/B-GEX

Blood-based multi-tissue gene expression inference with Bayesian regression

Primary LanguageJupyter Notebook

B-GEX

Blood-based multi-tissue gene expression inference with Bayesian regression. The method is published in the Bioinformatics 2020. (https://doi.org/10.1093/bioinformatics/btaa239).
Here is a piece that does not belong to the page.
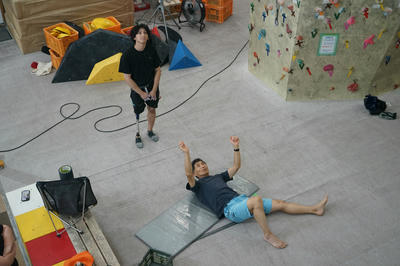7月に続き二度目の参加の岡山のパラクライマーは、参加連絡の際の「リードをやりたい」との宣言通り、さながら“ジャパンシリーズの前哨戦”と言わんばかりのリード連投をしていました。

The inference models are tissue-specific, so we built an independent inference models for each tissue.

Preprocessing

Download data files from GTEx Portal and gencode:

  • GTEx_Analysis_2016-01-15_v7_RNASeQCv1.1.8_gene_tpm.gct
  • GTEx_v7_Annotations_SampleAttributesDS.txt
  • gencode.v30lift37.annotation.gtf

Collect pseudogenes into a file. Then remove pseudogene from gene_tpm

awk -F "\t" '$3 == "gene" && $9~/pseudogene/ {print}' gencode.v30lift37.annotation.gtf | cut -f9 | cut -d" " -f2,4 | sed 's/[";]//g' | sed 's/[\. ]/\t/g' | cut -f1,3 > gencode.v30lift37.pseudogene.txt

cut -f1 gencode.v30lift37.pseudogene.txt | grep -v -f - GTEx_Analysis_2016-01-15_v7_RNASeQCv1.1.8_gene_tpm.gct > GTEx_Analysis_2016-01-15_v7_RNASeQCv1.1.8_gene_tpm.gct.no_pseudogene

Main script

The rest of steps can be done with B-GEX_v2.ipynb on a linux x86_64 server. We have tested on 2 x Intel(R) Xeon(R) Gold 6144 CPU 3.50GHz, 128 Gb RAM.

How it works?

Feature selection

Feature is the blood gene expression profile. Target is the tissue gene expression profile.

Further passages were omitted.